Press release

Green Party celebrates World Wildlife Day with mural honouring Ireland’s native species

3rd March 2021
Artist Ciara McKenna and Green Party LEA Rep Anne-Marie Fuller with a mural of a Curlew at Tralee–Fenit Greenway, County Kerry.
Artist Ciara McKenna and Anne-Marie Fuller with a mural of a Curlew at Tralee–Fenit Greenway, County Kerry.

The Green Party is celebrating World Wildlife Day with a new mural of the iconic curlew, and have released a video showing the creation of this beautiful new artwork.

World Wildlife Day, March 3rd, celebrates and raises awareness of the world’s wild animals and plants, loss of habitat and the threat of extinction, a threat also being faced at home. In Ireland, the curlew is among our native species under critical threat of extinction, with a 97% decline of breeding Curlew seen since the 1980s. By raising awareness of what is happening in our natural environment and taking the right actions, these trends can be reversed.

In honour of Ireland’s at-risk wildlife, the Green Party commissioned Kerry artist, Ciara McKenna, to paint a mural on the Tralee – Fenit Greenway in County Kerry depicting a curlew in its natural habitat.

Minister of State for Heritage, Malcolm Noonan TD, commented on Ireland’s connection to nature and on the conservation work underway:

“This beautiful mural is a wonderful way of reminding communities of our connection to nature and inspiring us to make space for it in our lives. The curlew is an excellent choice to mark World Wildlife Day – a much loved bird with a distinctive cry that is threatened with extinction in Ireland. My Department’s Curlew Conservation Programme has been running since 2017 to tackle its decline by working collaboratively with farmers and communities to enhance the habitat and temporarily fence nests off from predators, among other actions.

“The good news is that the hard work is paying off – we’re seeing early signs that this vital collaboration is already benefitting its conservation. An additional funding contribution from Minister Hackett’s Department boosted the number of contractors this year – now we have more fieldworkers on the ground earlier in the breeding season, delivering locally led approaches for curlew conservation and helping them to successfully rear their chicks.
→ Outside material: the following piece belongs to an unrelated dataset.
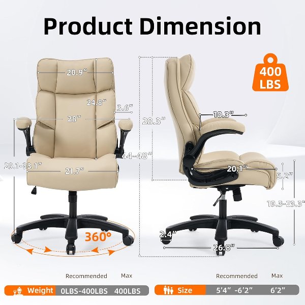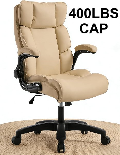 voonmiu ergonomic office chair wide seat reclining gaming/desk chair with lumbar support & thickened armrest - 400lb max - BEIGE

I can’t think of a better way to mark World Wildlife Day than by celebrating this iconic bird. Well done and thank you to all involved.”
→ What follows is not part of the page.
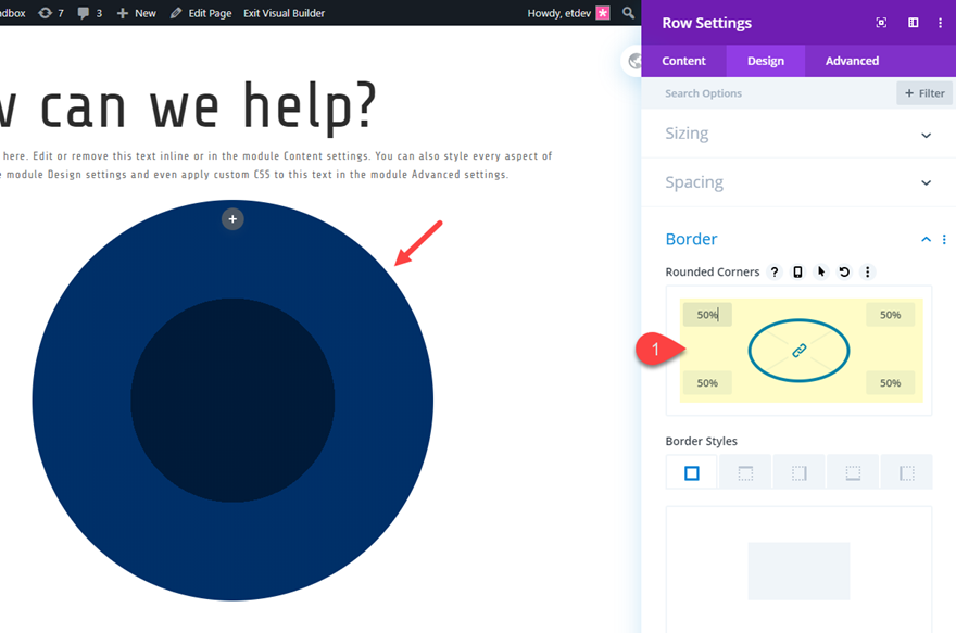 Dobbiamo impostare sia l'altezza che la larghezza della riga su 500 px in modo che sia un quadrato perfetto. Questo ci permetterà di dargli una forma circolare perfetta usando l'opzione angoli arrotondati (raggio del bordo) in Divi.

Artist Ciara McKenna spoke about the inspiration for her work and seeing Ireland’s wildlife come under threat:

“I remember when I was a kid, seabirds used to take refuge from storms in a field behind my parents’ house, you don’t see that so much anymore. You don’t have to look to Africa, Asia, South America or any other places to note the depletion of wildlife in our times. Birds and animals on our doorstep are at the verge of extinction. This piece shows the curlew. It is taking refuge in an urban landscape to weather out the storm it faces, which is extinction.”

Representative for the Green Party in Kerry, Anne-Marie Fuller, welcomed the mural in her area as a way of highlighting the wildlife all around us:

“The mural highlights that we are connected to wildlife. It is on our doorstep, in our gardens, in our parks, on the verges of walkways, cycleways and roads. And it is often on the verges where different habitats meet, that biodiversity flourishes. For example, our hedgerows can be seen as the equivalent of the Amazon forest for wildlife here in Ireland. It is vital that we look after all habitats and ensure that there are wildlife corridors to connect them so that we sustain all life here in Ireland.”